Morning came the way cities always did.
Not with poetry.
With routine.
Cael woke to the faint scrape of a shutter being unlatched somewhere nearby, to footsteps on the stair outside his door, to the smell of smoke from a hearth that had already been fed. The inn around him was still half-asleep, though it pretended otherwise. Places like this lived on the lie that they were always ready.
He lay still for a moment, eyes open, letting his body catalog the room.
The bed was narrow, the blanket rougher than Stillhaven’s silk-soft luxury, the air cooler. The wood of the floor creaked when someone shifted on the level below. The door latch looked old, yet sturdy. The window was shuttered tight, the gaps between slats thin enough to keep most light out.
It felt real.
It felt like the kind of room a traveler could rent and die in without anyone noticing until the smell became a problem.
That thought didn’t scare him. It settled him.
In Stillhaven, everything had been perfect. So perfect it felt like a hand on his shoulder at all times.

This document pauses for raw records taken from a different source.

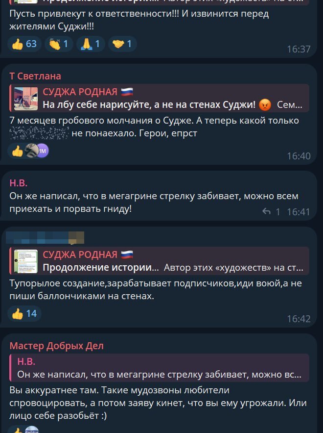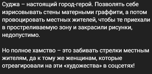 Своё прибытие в закрытую на данный момент зону – недавно освобожденный город Суджа Курской области от украинских боевиков, скандальный блогер решил увековечить на всем, что попадалось под руку. Заборы и стены домов были «с любовью» расписаны мотивирующими надписями и нецензурной бранью.
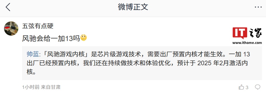 一加工作人员 @帅蓝 则针对「风驰游戏内核」是否会适配一加 13 手机的问题作出解答,他称「风驰游戏内核」是芯片级游戏技术,需要出厂预置内核才能生效。一加 13 出厂已经预置内核,我们还在持续做技术和体验优化,预计于 2025 年 2 月激活内核。
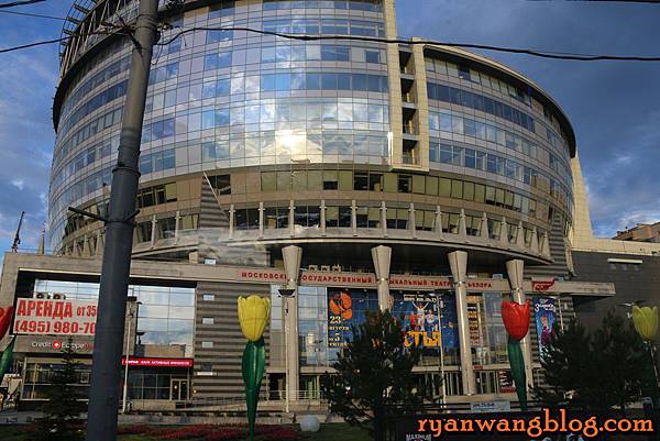 早餐吃完之後,趁著集合前,就到飯店附近走走逛逛,順便消化消化,旁邊這棟造型特殊的建築物,前面還有巨型又鮮豔的鬱金香裝飾,十分吸睛~~
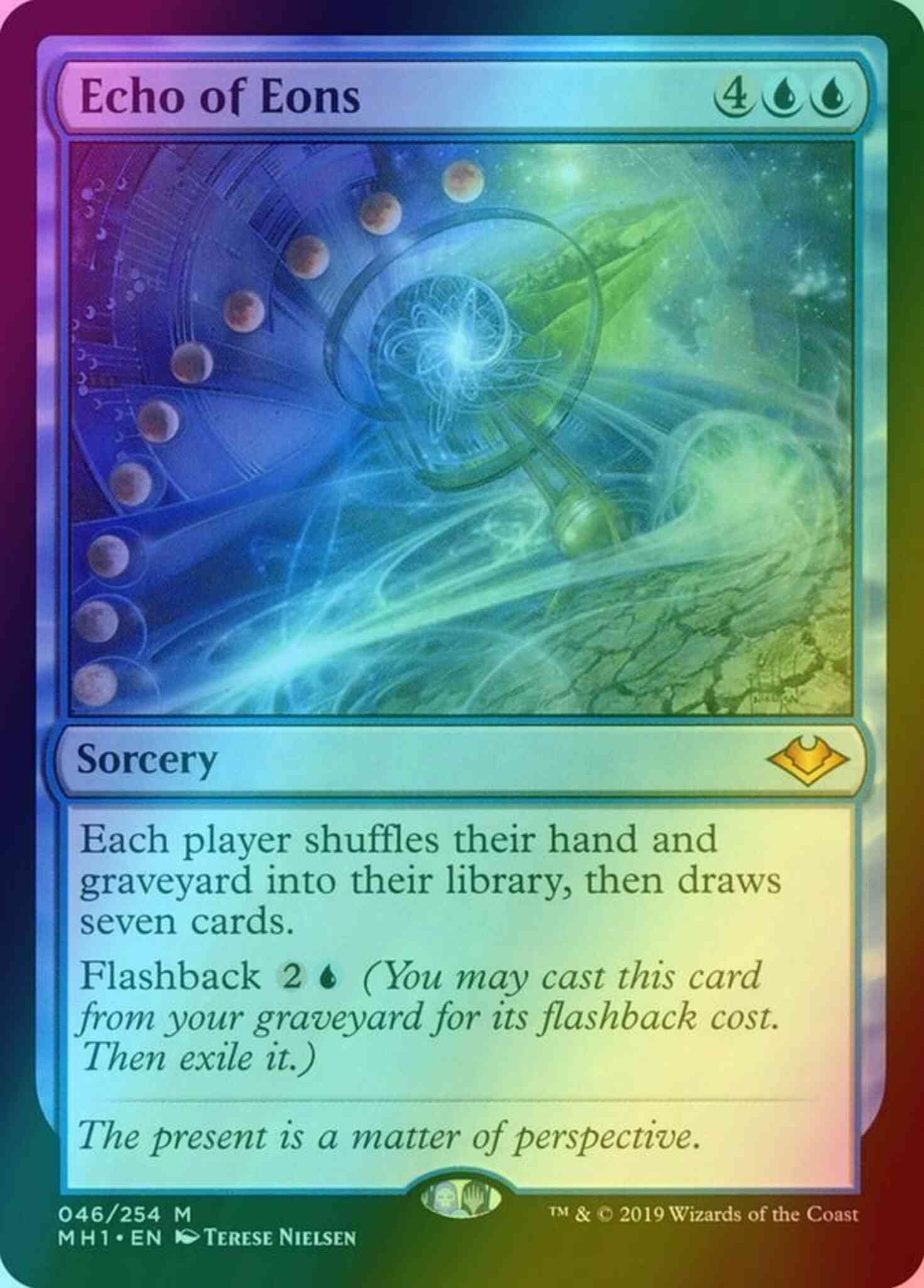 Card Text: Each player shuffles their hand and graveyard into their library, then draws seven cards. Flashback {2}{U} (You may cast this card from your graveyard for its flashback cost. Then exile it.)
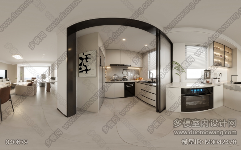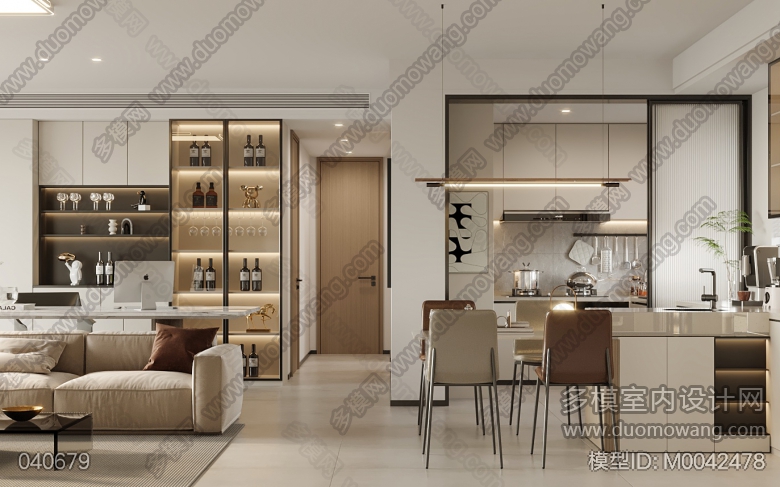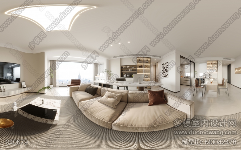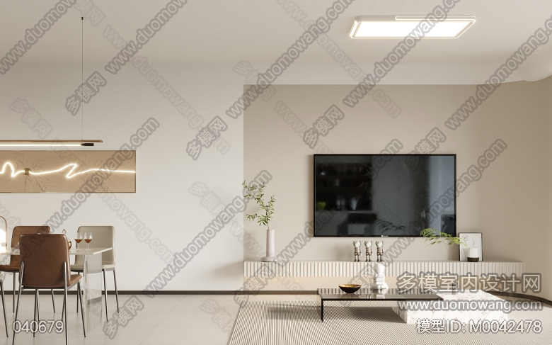 现代客厅+餐厅全景,每个全景送1张单张特写 ID:M0042478
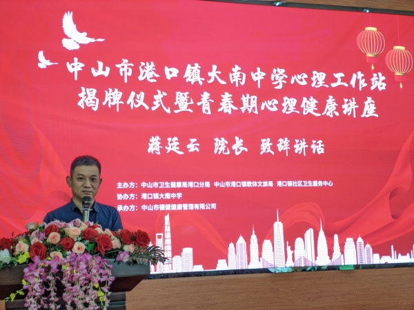 緊接著中山市第三人民醫(yī)院院長蔣廷云致辭。蔣院長對港口鎮(zhèn)政府能盡早開展心理工作站的做法表示由衷的敬佩,他表示心理工作站的成立,也是為心理健康提供一個宣傳的平臺,讓更多的學(xué)生和家長知道,心理問題不可怕,可怕的是沒有得到處理。沒有全民健康,就沒有全面小康。
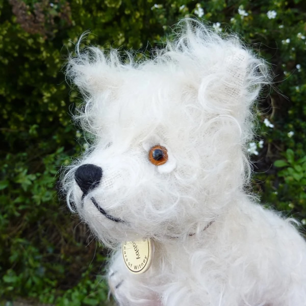 2022年4月にドイツで開催された「テディベアトータル」で古いベアを探していたイアンさんは、ドイツのディラーのスタンドを離れようとしたときに、何気なく棚を見上げそこに1930年代のふわふわとしたとても可愛い白い犬を見つけました。その犬がボビーのオリジナルです。そして、ウィットニーのオールドウィットニーフェイバリッツの仲間「ボビー」が誕生したのでした。
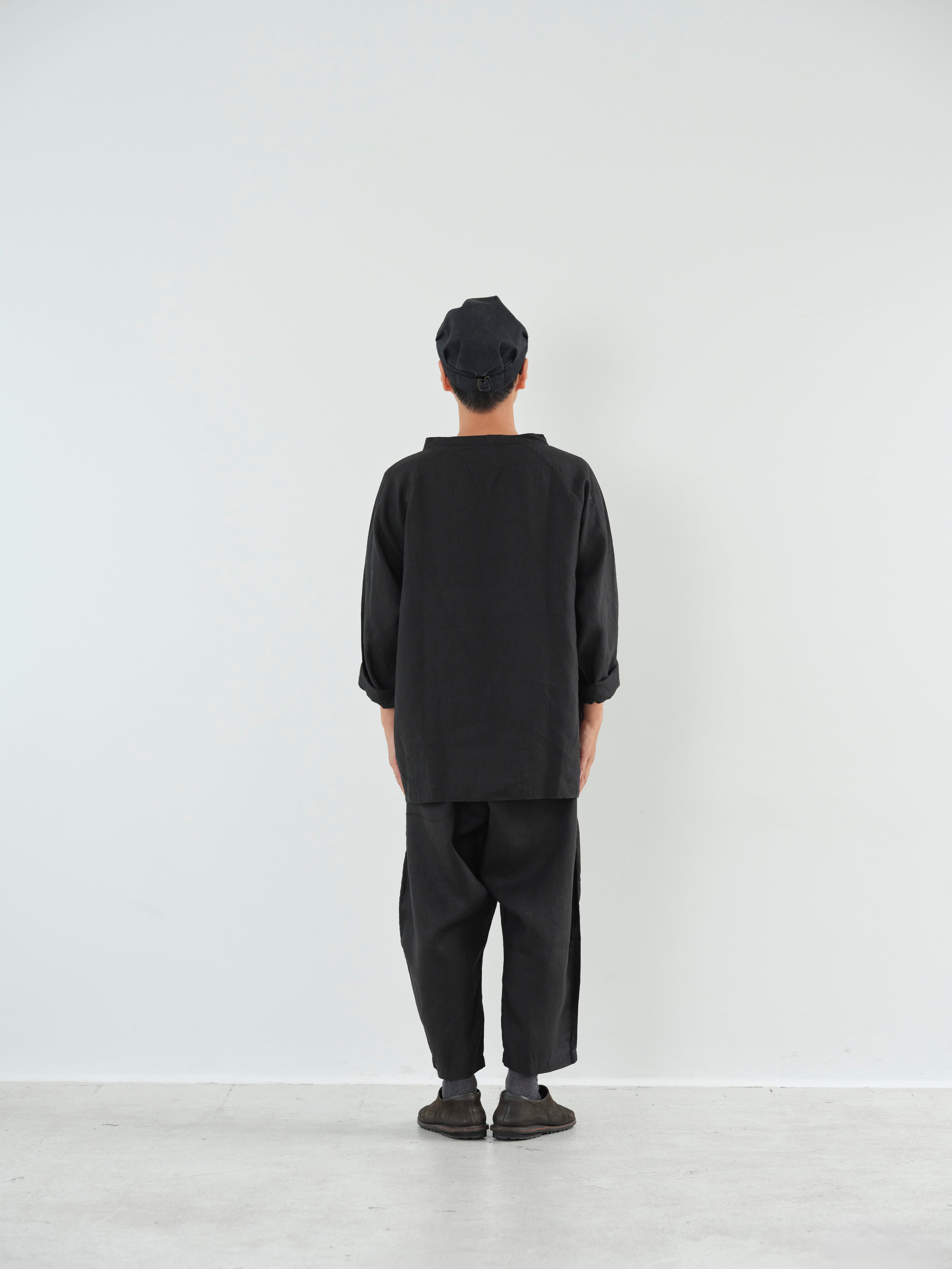 ※強撚糸を使用している為、着用により伸びることがありますが、洗濯後に寸法を整えて干すと、元の寸法に戻ります。天然素材独特の糸の節やムラ感は生地の表情とお考えください。糸の節を引っ張ると糸が切れる場合がある為、ご注意ください。
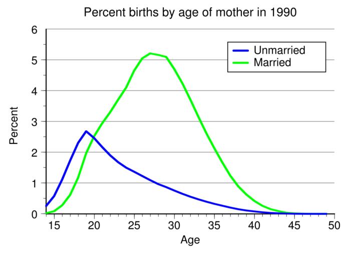| Keywords: US percent of births by age of mother and marital status in 1990.svg translate yes en Percent of births by age of mother and marital status in the United States in 1990 The median age of unmarried mothers was 21 and 27 for married mothers 72 0 of births were to married mothers and 28 0 to unmarried mothers Data from https //nchs beyond2020 com/Vitalstats/ReportFolders/reportFolders aspx CDC 2016-05-15 own Delphi234 other versions Generated with Wikimedia SVG Chart SVG Chart/box cc-zero Childbirth graphs Demographics of the United States |
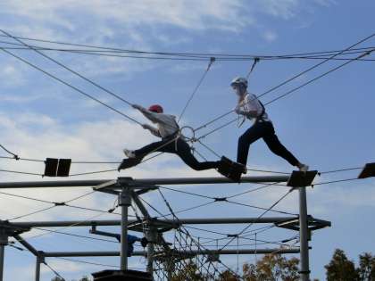 いっぺんに何人もロープや板に乗ると、揺れる揺れること。

A reminder that he was being hosted. Observed. Owned.
Here, in the tutorial city, the imperfections were proof of life.
Cael swung his legs over the side of the bed and stood, stretching his shoulders once. His muscles answered with a familiar stiffness that suggested sleep had been deep, not restless. He hadn’t dreamed. Or if he had, the dream hadn’t clung.
He crossed to the window, unlatched the shutters, and pulled them open.
A narrow alley stared back.
Stone walls, damp in places, uneven in others. A line of laundry hung between two windows like a surrender flag. A woman in a plain dress was already sweeping, her broom scraping grit into a pile with practiced aggression. Farther down, a man carried a basket of bread, the smell drifting up faintly. Somewhere beyond the alley, the city was waking in layers. A shout. The clop of hooves. The clang of metal. A dog barking like it had a grievance with the world.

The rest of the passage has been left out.